Virginia Tech’s experience building modern analytics on Amazon Web Services
Virginia Polytechnic Institute and State University (Virginia Tech) wanted to build a modern data warehouse to complete new requests and quickly answer difficult questions in order to make more informed decisions. To do this, we turned to Amazon Web Services (AWS).
We were looking for a way to build forecasting models faster so we could quickly react to changing conditions. Most tables in our Online Transactional Processing (OLTP) databases do not track the history of data, which meant we had no way of understanding what the data looked like over time. When we wanted to see if a forecasting model had value, we had to start capturing the history in a data mart, which could take three months to gather requirements and develop. Once developed, we would have to wait another six to nine months to capture enough data to derive any value.
With AWS Database Migration Service (AWS DMS), we can capture every table’s history, which allows us to forecast. Instead of the model taking 12 months to mature before I could derive any value from it, I can now see immediate value by ruling out models that do not provide the necessary information.
To improve the learning experience, Virginia Tech has been purchasing industry-leading products, many of which are Software-as-a-service (SaaS) products without access to the underlying database. The backbone of the applications that run Virginia Tech is an Oracle appliance. For most of the student and administrative data, this is our system of record. For reporting, we built a custom data warehouse in Oracle using Talend as our extract, transform, load (ETL) tool.
Before we started the data lake project, we did a six-month proof of concept with senior technology team members across multiple departments and skillsets. The data scientist team at Virginia Tech was the primary end user. They were building a new budgeting model that required data from many sources.
Once the proof of concept was completed and we had approval and funding for a production data lake, we assembled a team that included a cloud architect and senior data engineer. To get started with different AWS tools, we attended an AWS Data Lab. This AWS Data Lab helped us to accomplish more in a week than we probably could have over several months.
The initial source systems included were an Oracle database and two sets of application program interfaces (APIs). The below diagram is how we architected the different zones in our data lake in order to move different types of data. This framework helps us with data governance and security.

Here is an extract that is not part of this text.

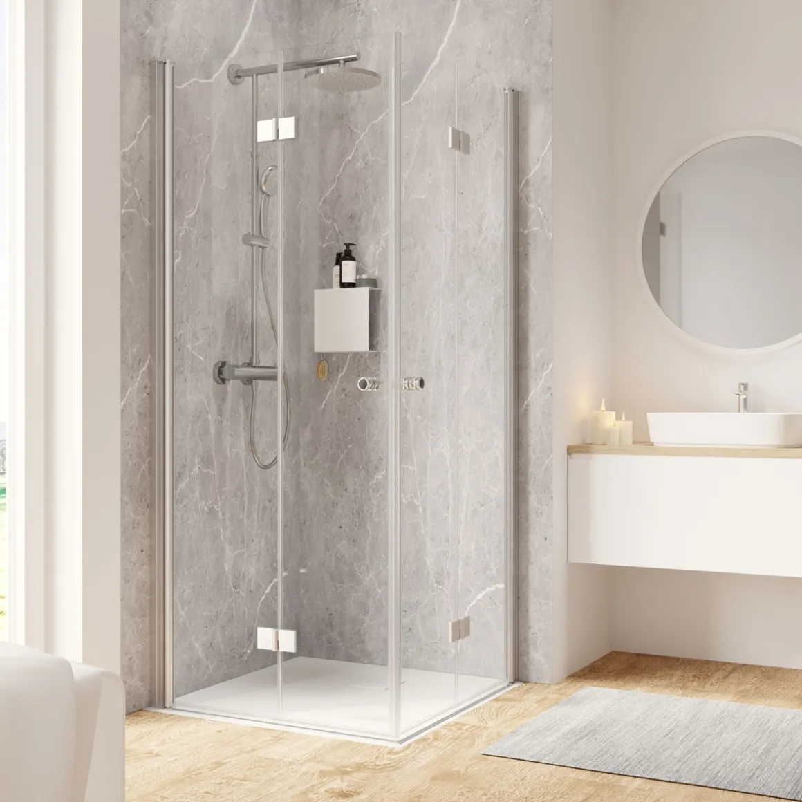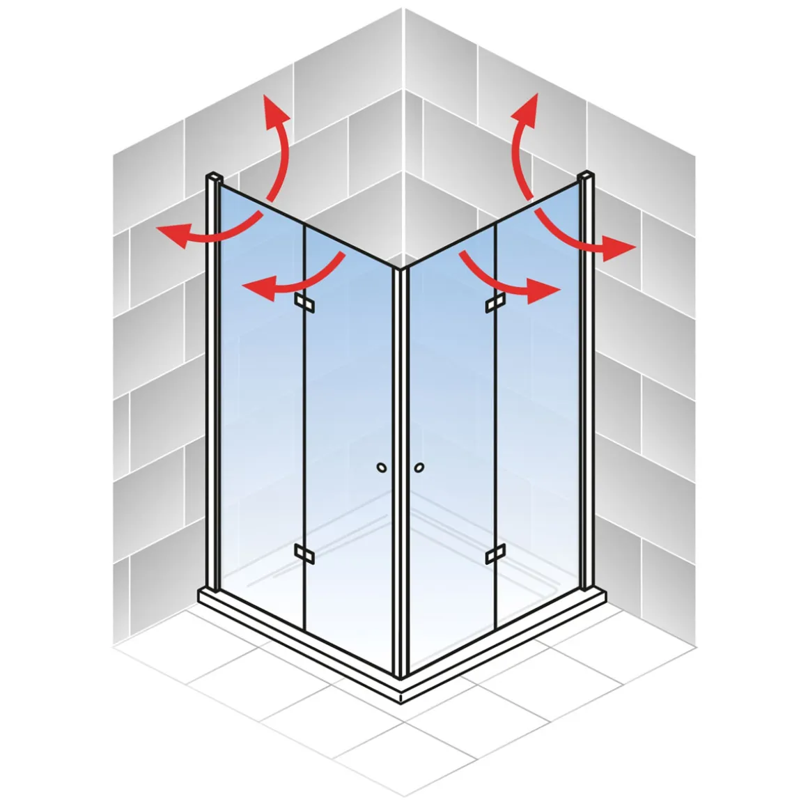 Der Garant-2.0-Drehfalttür-Eckeinstieg von Schulte ist die ideale Lösung für kleine Badezimmer, da er einen großzügigen Einstiegsbereich bietet und sich zudem platzsparend zusammenfalten lässt. Die Duschtür besteht aus insgesamt vier 6 mm starken Sicherheitsglas-Elementen (ESG), die mit formschönen Griffen über Eck geöffnet werden können. Dank der hochwertigen Materialien und der präzisen Verarbeitung ist die Drehfalttür besonders langlebig und stabil.

AWS DMS: To get data out of our Oracle database and into our Staging Zone, we use AWS DMS. Once we had AWS DMS set up, adding new tables to the sync became simple. This is a near real-time replication service. Once running, we rarely see a record take more than 10 seconds to make its way to AWS.
In the most recent release of AWS DMS (3.1.4), there is an option to automatically add the action taken (insert, update, delete) and the transaction log timestamp for when it happened. Many of our tables in our databases are either undated or have unreliable dates recorded. These two features help make historical reporting possible and help us to create the curated zone.
AWS Glue: Although we use AWS Glue to run our jobs, the code consists of a simple, 20-line Python script. This is how we kept the process dynamic. When moving data from the staging zone to the curated zone, we take the most recent record and transform the data into Parquet files. When we need to add a new table, we insert a new entry in the JSON, and the Python code knows to begin processing the file. The dates and action indicators that AWS DMS creates make this all possible. We process 100 tables using the same 20 lines of Python.
Amazon RedShift: This is our final structured reporting layer. AWS Glue solves our need to get data from the Curated Zone into Amazon Redshift. We use the AWS Glue crawler to create Amazon Athena (Athena) tables, which allows us to do basic joins and SQL transforms. This is where the standard ETL comes in and where custom code for each dimension table is needed.
We run reports with Amazon Redshift. The initial value we see is combining demographic data in Amazon Redshift with web log data by using Amazon Redshift Spectrum. The ability to understand how students use learning tools is valuable.
Currently, we are building out our Amazon Redshift data marts. The more dimensions we add to the database, the more value we can derive from the web logs.
We are also reviewing AWS Step Functions to streamline our AWS Glue jobs. Now that our data in AWS is structured in an optimal way for machine learning (ML) tools, we are looking to build prescriptive models to help us make better decisions that we otherwise aren’t able to see immediately.
Having a strong understanding of AWS DMS, AWS Glue, Athena, and Amazon Redshift helped us get our project moving, and this will benefit us when we start using AWS Lake Formation.
Building our data pipeline in AWS made us rethink many best practices that typical data warehouse developers have relied on for many years. We look forward to expanding our data lake with more sources and features over the next several years.